*Problem to solve*
Please repeat only the lines below starting at the line that holds "De naam van" and ending at the line that holds "Paketgods lastas ut", exactly, with both of those lines included and every picture omitted.

*Source data*

_ _ _ _ _ _ _

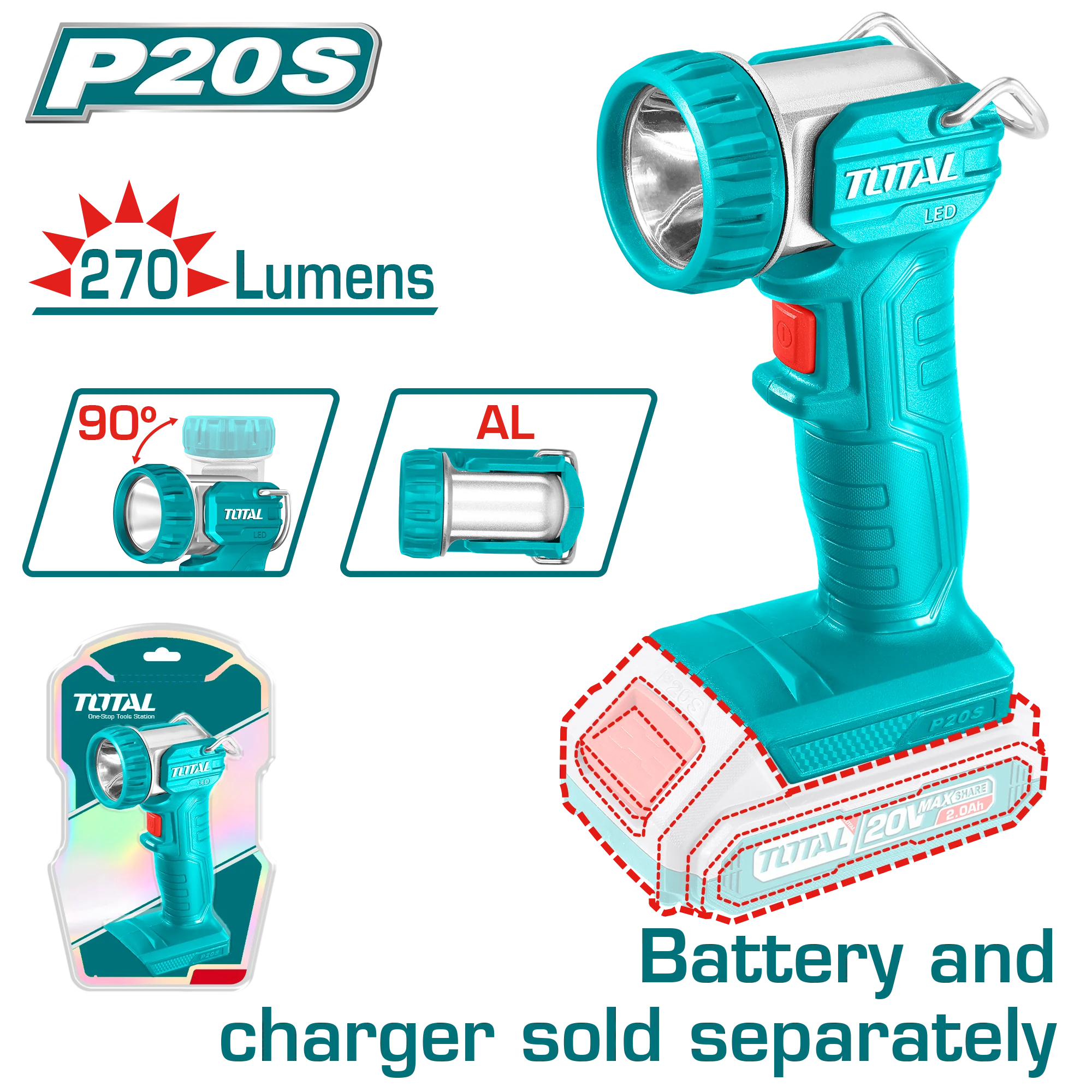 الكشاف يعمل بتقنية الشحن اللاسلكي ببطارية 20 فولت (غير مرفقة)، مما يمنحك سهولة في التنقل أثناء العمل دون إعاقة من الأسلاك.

_ _ _ _ _ _ _

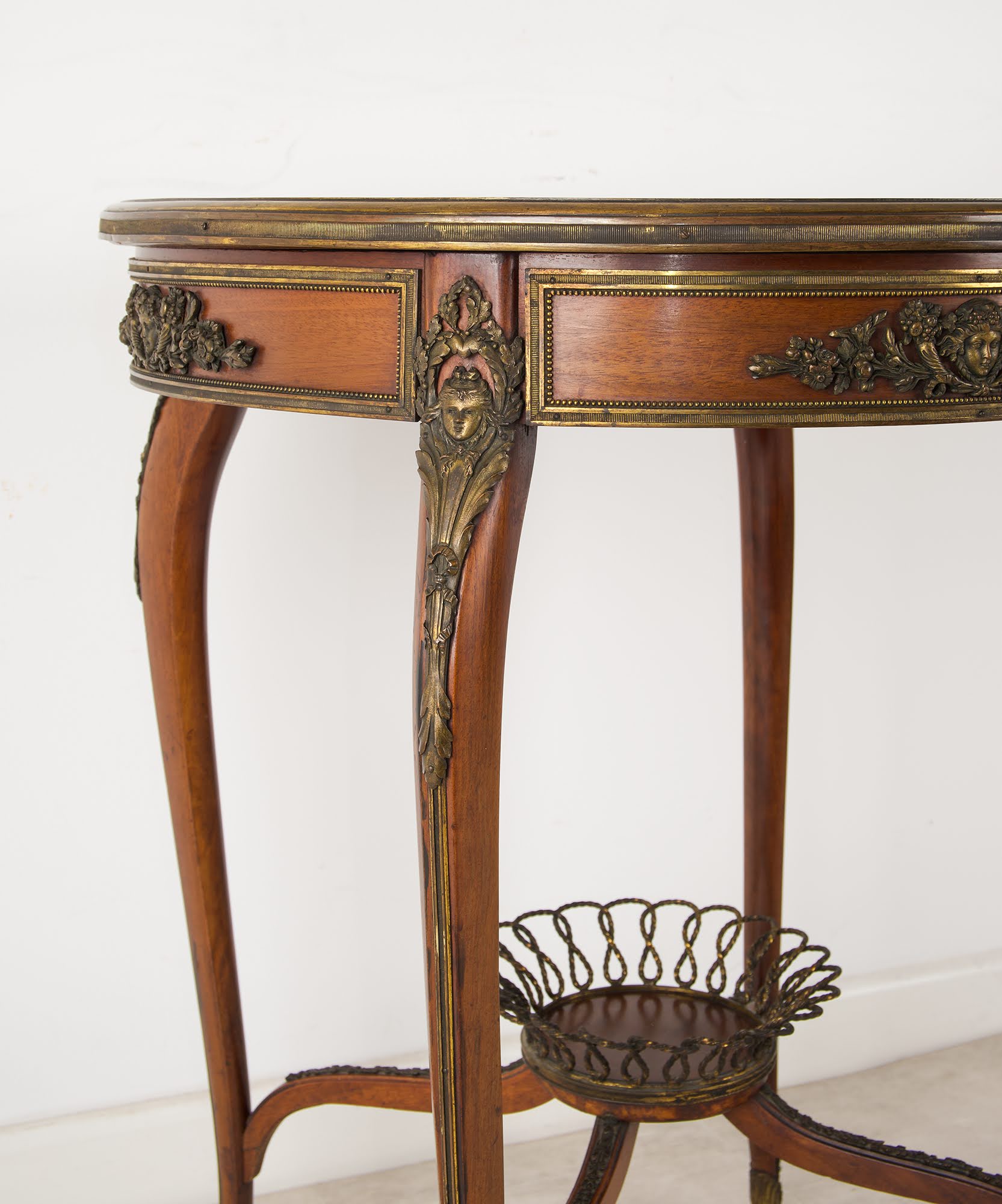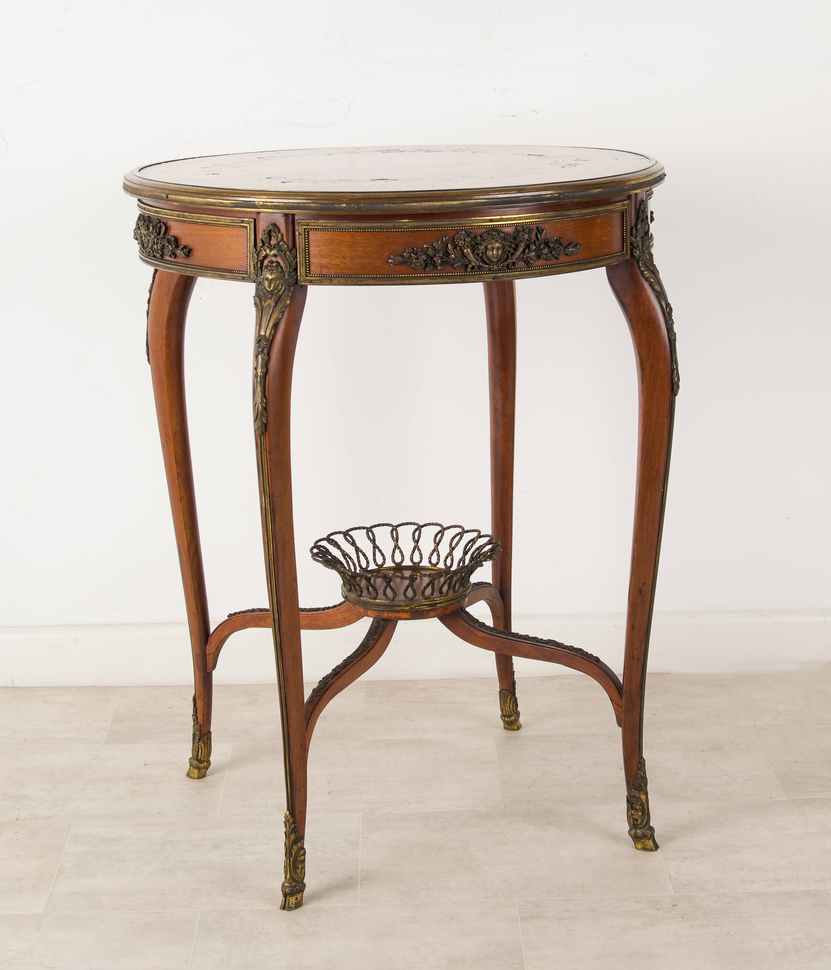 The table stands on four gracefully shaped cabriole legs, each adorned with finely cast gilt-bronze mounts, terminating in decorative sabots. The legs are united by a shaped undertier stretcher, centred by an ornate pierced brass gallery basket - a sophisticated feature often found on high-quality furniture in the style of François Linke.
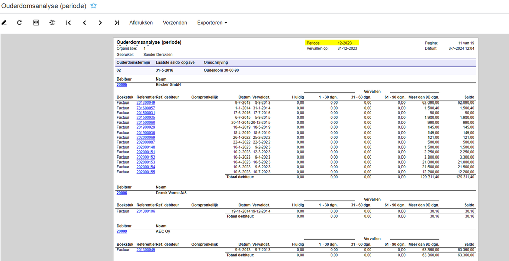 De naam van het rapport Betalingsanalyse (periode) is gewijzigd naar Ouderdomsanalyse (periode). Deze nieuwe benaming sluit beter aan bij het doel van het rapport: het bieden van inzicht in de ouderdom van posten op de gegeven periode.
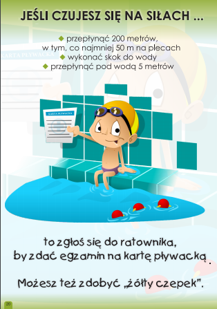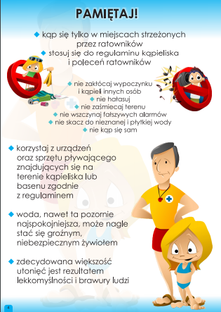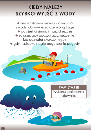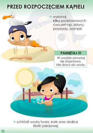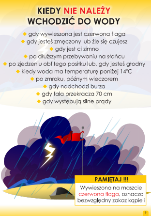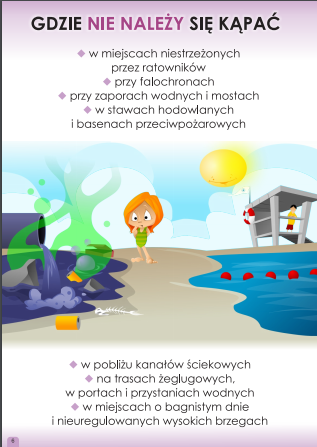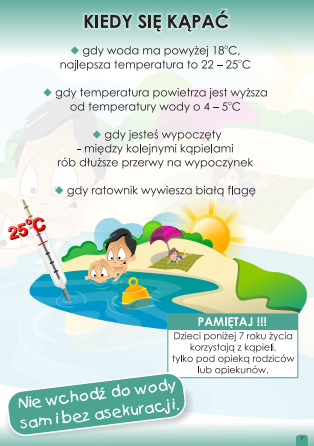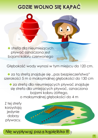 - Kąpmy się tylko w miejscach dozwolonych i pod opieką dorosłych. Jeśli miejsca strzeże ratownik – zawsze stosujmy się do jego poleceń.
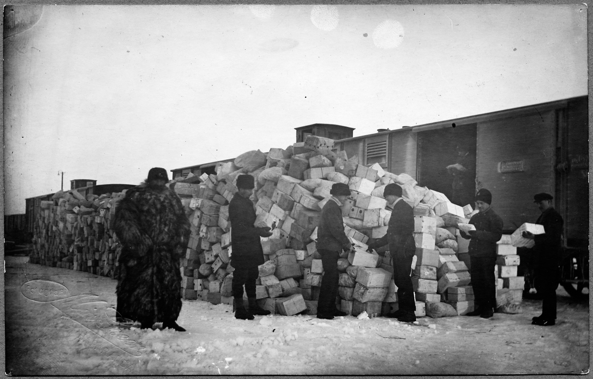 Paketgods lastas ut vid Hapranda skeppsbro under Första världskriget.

_ _ _ _ _ _ _

*Response to the exercise*
 De naam van het rapport Betalingsanalyse (periode) is gewijzigd naar Ouderdomsanalyse (periode). Deze nieuwe benaming sluit beter aan bij het doel van het rapport: het bieden van inzicht in de ouderdom van posten op de gegeven periode.
 - Kąpmy się tylko w miejscach dozwolonych i pod opieką dorosłych. Jeśli miejsca strzeże ratownik – zawsze stosujmy się do jego poleceń.
 Paketgods lastas ut vid Hapranda skeppsbro under Första världskriget.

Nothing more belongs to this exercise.